### Problem:
Below are the records; give again exactly the lines from the one containing "Unser klassischer, mittelscharfer" through the one containing "March 21, 2025", leaving out pictures.

### Supplied data:
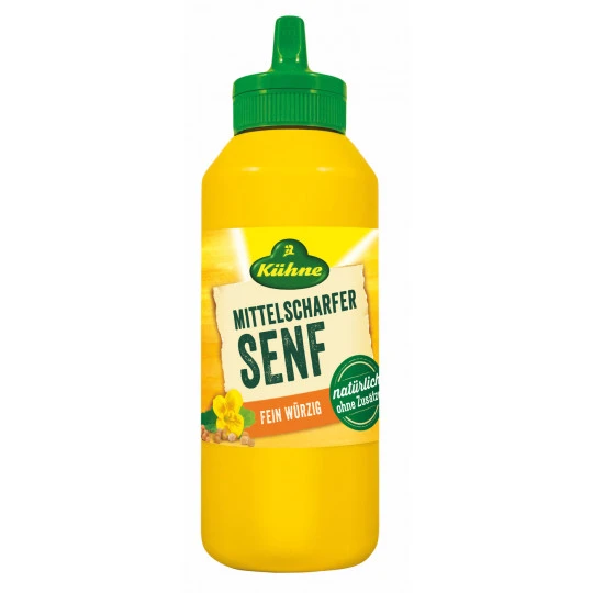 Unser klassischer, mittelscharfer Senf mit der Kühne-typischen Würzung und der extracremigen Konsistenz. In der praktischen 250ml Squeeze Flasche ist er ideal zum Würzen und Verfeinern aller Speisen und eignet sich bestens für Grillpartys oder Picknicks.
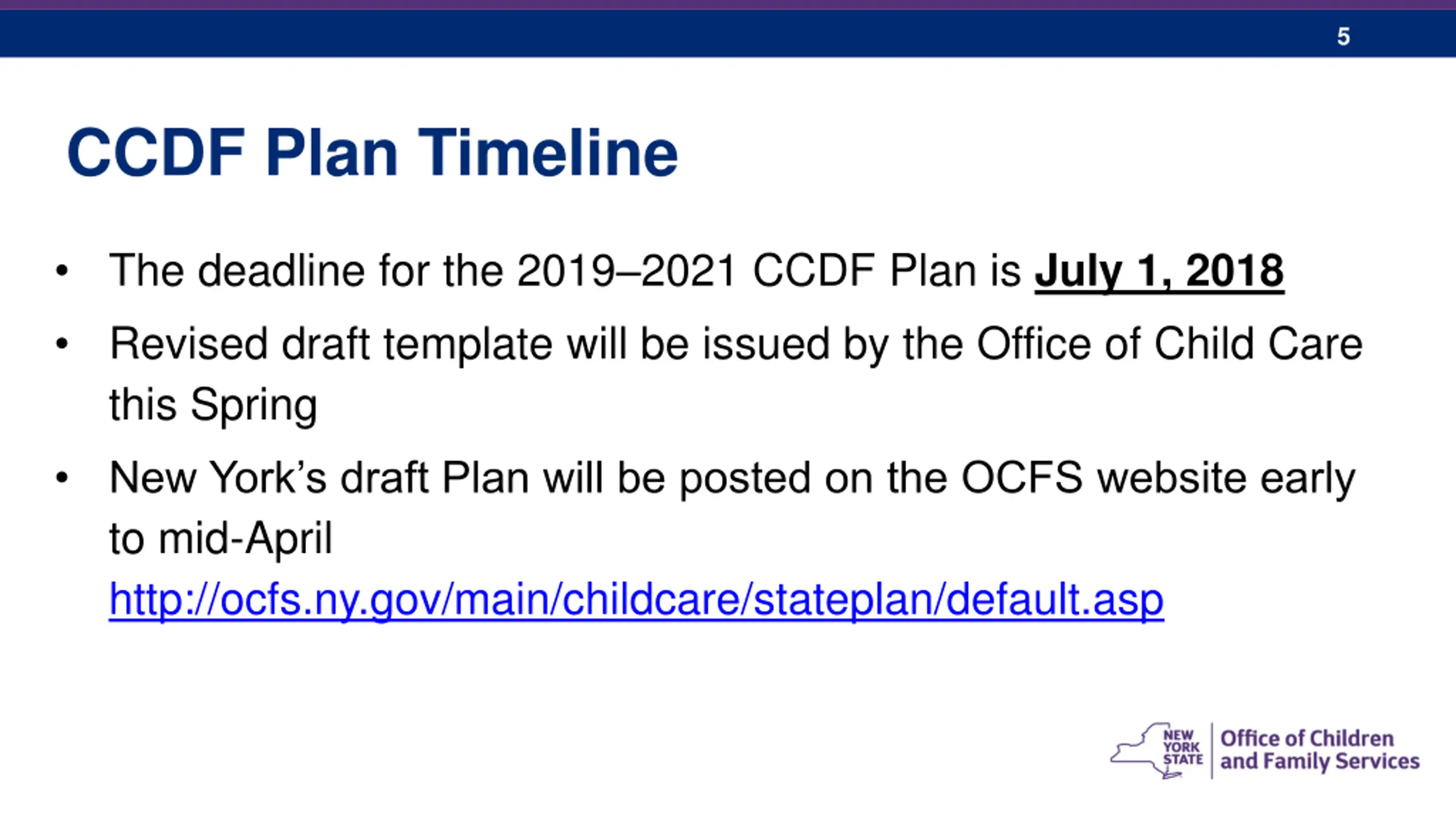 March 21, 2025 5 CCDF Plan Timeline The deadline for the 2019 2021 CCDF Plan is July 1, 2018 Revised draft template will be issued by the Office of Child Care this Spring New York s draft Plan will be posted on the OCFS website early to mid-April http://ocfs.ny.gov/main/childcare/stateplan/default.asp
==
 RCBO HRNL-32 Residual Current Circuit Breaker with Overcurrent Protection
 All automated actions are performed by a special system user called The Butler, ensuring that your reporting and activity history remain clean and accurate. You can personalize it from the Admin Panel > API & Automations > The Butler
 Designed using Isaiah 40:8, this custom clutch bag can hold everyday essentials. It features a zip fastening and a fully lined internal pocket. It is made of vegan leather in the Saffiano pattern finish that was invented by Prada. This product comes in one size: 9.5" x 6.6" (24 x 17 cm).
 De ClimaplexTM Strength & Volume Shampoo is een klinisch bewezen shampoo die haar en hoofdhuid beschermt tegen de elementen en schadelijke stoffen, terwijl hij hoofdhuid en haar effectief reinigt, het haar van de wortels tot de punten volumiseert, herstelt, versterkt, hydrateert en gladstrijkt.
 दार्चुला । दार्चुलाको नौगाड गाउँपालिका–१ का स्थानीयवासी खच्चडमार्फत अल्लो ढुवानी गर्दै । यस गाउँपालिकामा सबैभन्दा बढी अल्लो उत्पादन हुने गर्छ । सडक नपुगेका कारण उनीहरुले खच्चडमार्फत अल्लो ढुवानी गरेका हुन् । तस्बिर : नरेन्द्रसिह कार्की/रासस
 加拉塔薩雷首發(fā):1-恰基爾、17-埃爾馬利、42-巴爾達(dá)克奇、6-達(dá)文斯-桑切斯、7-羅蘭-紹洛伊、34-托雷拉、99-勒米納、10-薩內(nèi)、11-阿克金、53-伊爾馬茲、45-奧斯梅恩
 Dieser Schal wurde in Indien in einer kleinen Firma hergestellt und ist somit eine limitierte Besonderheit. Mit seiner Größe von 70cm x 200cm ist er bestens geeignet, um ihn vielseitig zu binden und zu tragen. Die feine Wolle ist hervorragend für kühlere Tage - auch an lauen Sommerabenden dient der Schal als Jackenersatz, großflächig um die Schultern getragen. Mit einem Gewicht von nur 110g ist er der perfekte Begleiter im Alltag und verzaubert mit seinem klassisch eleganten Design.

### Response for this exercise:
 Unser klassischer, mittelscharfer Senf mit der Kühne-typischen Würzung und der extracremigen Konsistenz. In der praktischen 250ml Squeeze Flasche ist er ideal zum Würzen und Verfeinern aller Speisen und eignet sich bestens für Grillpartys oder Picknicks.
 March 21, 2025 5 CCDF Plan Timeline The deadline for the 2019 2021 CCDF Plan is July 1, 2018 Revised draft template will be issued by the Office of Child Care this Spring New York s draft Plan will be posted on the OCFS website early to mid-April http://ocfs.ny.gov/main/childcare/stateplan/default.asp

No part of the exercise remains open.